**What to work on**
Begin at the line containing "8月29日(周五)上午10:00至11:30,由中国职工" in the records below, end at the line containing "挂满许愿香囊的许愿树下遇上微", and retype each line in that span exactly. No other line and no image should appear.

**Data to process**
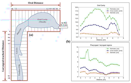 To study the effect of flow velocity on particle deposition zones, the authors of [52] used casts of the human upper respiratory tract with a subsequent digitization of the periphery of the airway contour (Figure 4a). The authors of [52] measured the cross-sectional area and perimeter of the oral cavity, pharynx, and larynx by cutting the cast into 0.3 cm sections (Figure 4b).
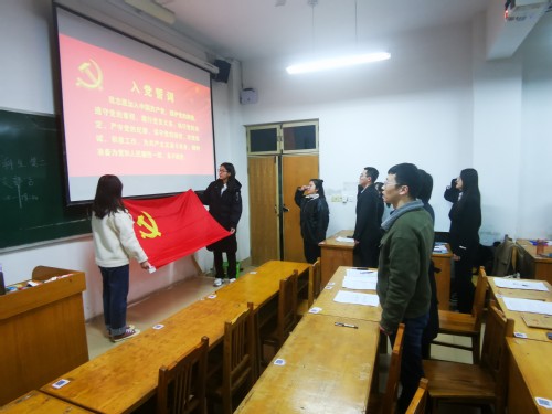 新老党员对着党旗进行宣誓,由孙子茹同志领誓。最后由党支部书记张福玲做总结发言,并提出对新加入党员的要求以及希望本科生第二党支部可以团结一致,向更好的方向发展。
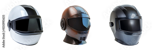 © Partha, Fototapeta premium Set of a high-tech welding helmet isolated on transparent background (2)
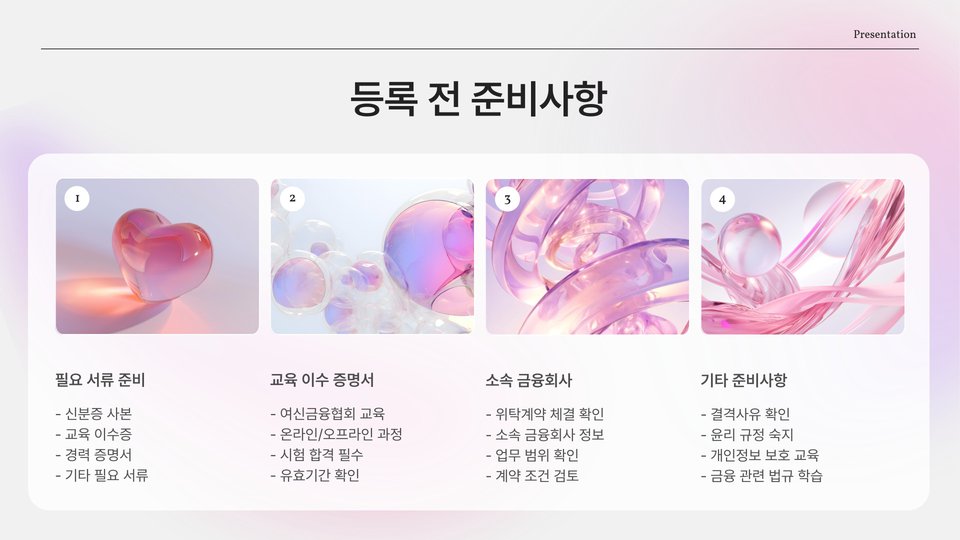 대출상담사 등록번호를 신청하기 위해서는 몇 가지 필수 조건을 충족해야 합니다. 먼저, 관련 교육 과정을 이수해야 하며, 교육기관에서 발급하는 수료증이 필요합니다. 이후, 등록신청서를 작성하여 관련 기관에 제출해야 하며, 필요 서류와 함께 제출해야 합니다. 이 과정에서 요구되는 서류는 본인의 신분증, 수료증, 그리고 기타 관련 서류들입니다.
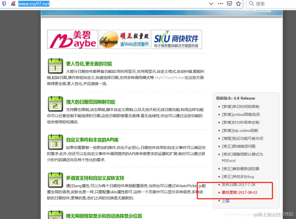 My97DatePicker最新版更新到2017/8/3.这个是我不愿意使用它的原因,不活跃。
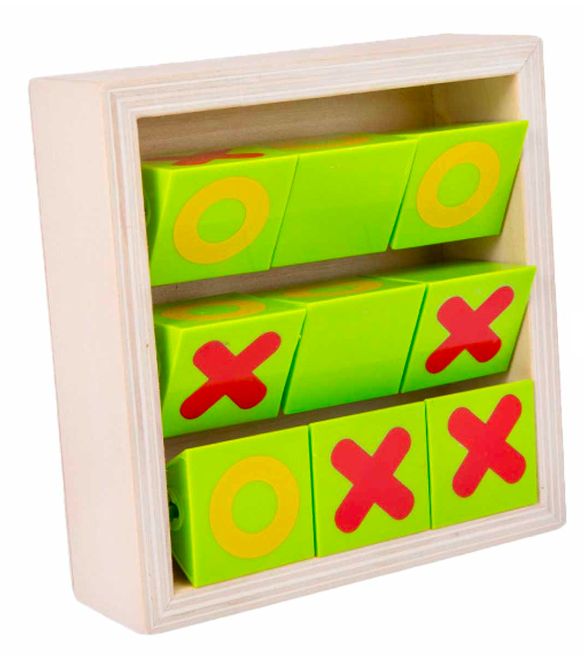 Children rotate the cubes to form winning combinations in a classic game of X and O—encouraging strategy and fun play.
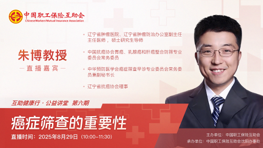 8月29日(周五)上午10:00至11:30,由中国职工保险互助会主办、中国职工保险互助会沈阳办事处承办的2025年第六期“互助健康行•公益讲堂”——《癌症筛查的重要性》,开启线上直播。本期“互助健康行•公益讲堂”线上直播活动邀请辽宁省肿瘤医院暨大连理工大学附属肿瘤医院、辽宁省肿瘤防治办公室副主任,主任医师、硕士研究生导师,中华预防医学会癌症筛查早诊专业委员会常务委员兼副秘书长,中国抗癌协会胃癌、乳腺癌和肝癌整合防筛专业委员会常务委员,辽宁省抗癌协会理事朱博教授,和职工会员们聊一聊什么是癌症筛查,筛查在癌症三早预防中的重要作用。
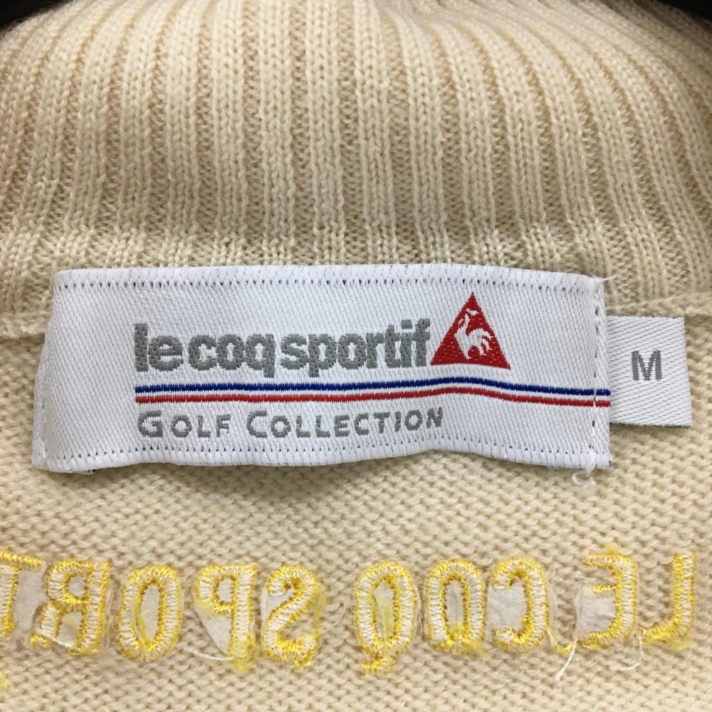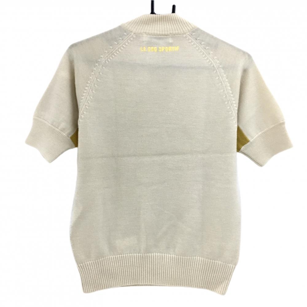 【超美品】ルコックゴルフ 半袖異素材ブルゾン ベージュ 身頃異素材 ロゴ刺しゅう ハーフジップ レディース M ゴルフウェア le coq sportif
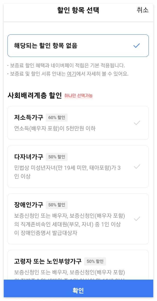 추가적으로 할인 항목을 선택하여 본인에게 맞는 할인항목이 있는지 확인 후 선택해 줍니다.
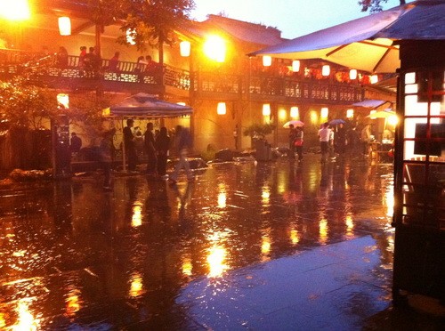 挂满许愿香囊的许愿树下遇上微凉的夜风,古色古香的门楼下躲避打到脸上略感冰冷却沁人心扉的雨。
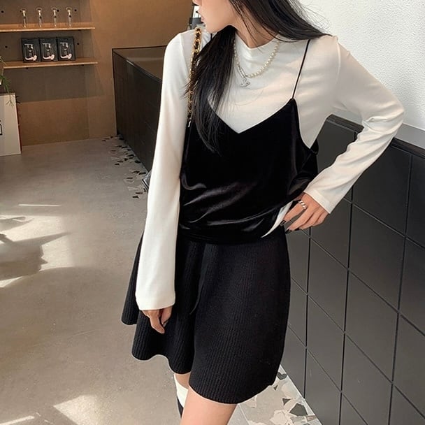 ビスチェ キャミソール レディース トップス ノースリーブ ショート丈 ベルベット Vネック サスペンダー プルオーバー 無地 スリム 細身 きれいめ 上品 おしゃれ お洒落 大人可愛い 大人女子 かっこいい シンプル キュート セクシー エレガント 主役級 存在感 こなれ感 冬 10代 20代 30代 お出かけ デート 女子会 休日 お泊まり 旅行 ショッピング 普段使い デイリー 韓国 韓国系 重ね着 オルチャン ファッション コーデ トレンド インスタ映え スタイル 流行 M L 黒 ブラック
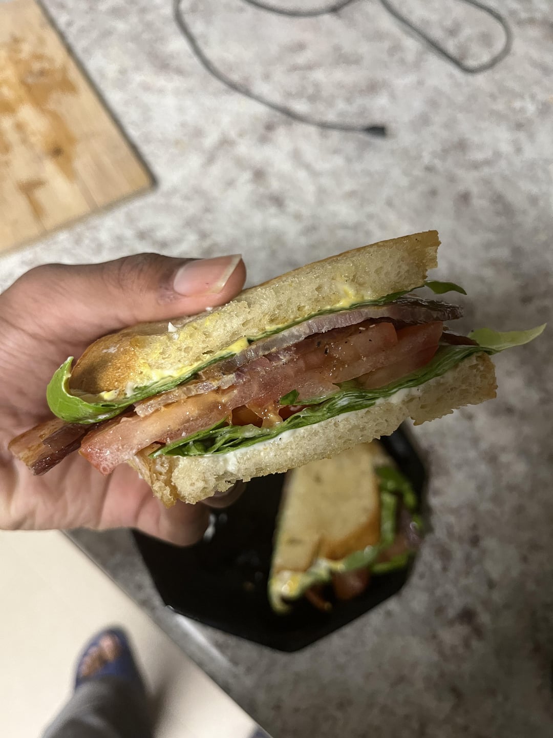 Thick cut bacon, butter lettuce, classic tomato, mayo, and mustard on sourdough. Also was my first time trying sourdough, and I love it.by rw105 1 Comment dudly825 2 years ago Looks delicious! Eat it already.Write A CommentYou must be logged in to post a comment.
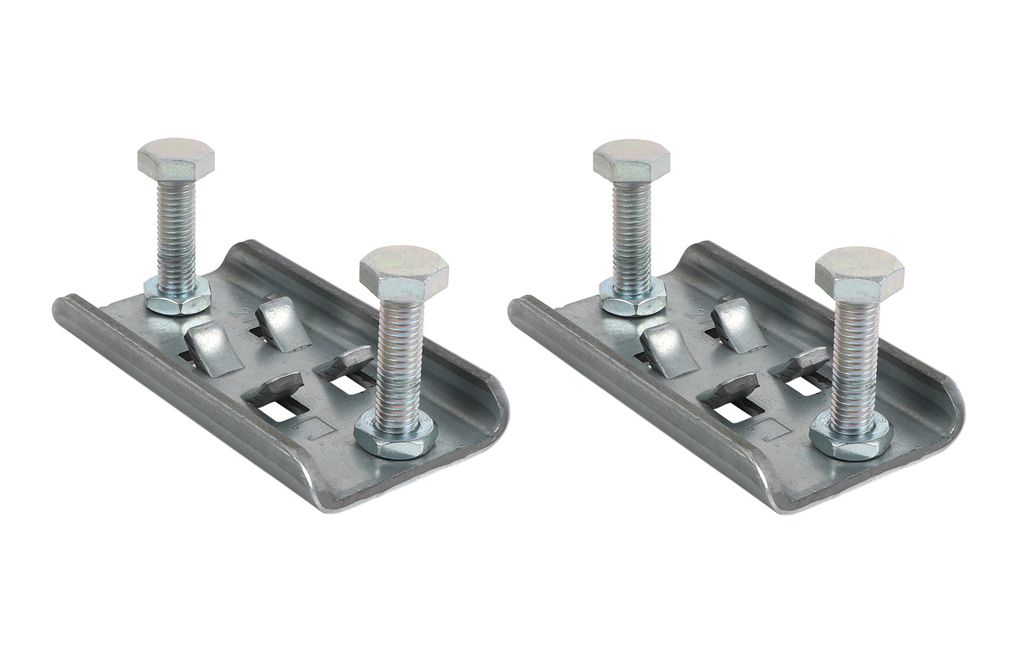 für Befestigung an Stahlträgern, Set mit zwei Klemmplatten, verwendbar in Verbindung mit Strut-Montageschienen, zur Klemminstallation zwischen Flanschen von I- oder U-Stahlträgern, ohne Schweißen oder Bohren, Material Klemmplatte aus Stahl 1.0242 (S250GD), Sechskantkopfschrauben M10x40: Stahlklasse 8.8 (EN-ISO 898-1), Sechskantmuttern M10 DIN 439-B: Stahlklasse 04 (EM-ISO 898-2), Oberflächenbeschichtung: Klemmplatte ZM310-MAC (sendzimirverzinkt), Verschlussteile verzinkt ISO 2081-Fe/Zn5/A (EN ISO 2081:2008)

**Solved exercise**
 8月29日(周五)上午10:00至11:30,由中国职工保险互助会主办、中国职工保险互助会沈阳办事处承办的2025年第六期“互助健康行•公益讲堂”——《癌症筛查的重要性》,开启线上直播。本期“互助健康行•公益讲堂”线上直播活动邀请辽宁省肿瘤医院暨大连理工大学附属肿瘤医院、辽宁省肿瘤防治办公室副主任,主任医师、硕士研究生导师,中华预防医学会癌症筛查早诊专业委员会常务委员兼副秘书长,中国抗癌协会胃癌、乳腺癌和肝癌整合防筛专业委员会常务委员,辽宁省抗癌协会理事朱博教授,和职工会员们聊一聊什么是癌症筛查,筛查在癌症三早预防中的重要作用。
 【超美品】ルコックゴルフ 半袖異素材ブルゾン ベージュ 身頃異素材 ロゴ刺しゅう ハーフジップ レディース M ゴルフウェア le coq sportif
 추가적으로 할인 항목을 선택하여 본인에게 맞는 할인항목이 있는지 확인 후 선택해 줍니다.
 挂满许愿香囊的许愿树下遇上微凉的夜风,古色古香的门楼下躲避打到脸上略感冰冷却沁人心扉的雨。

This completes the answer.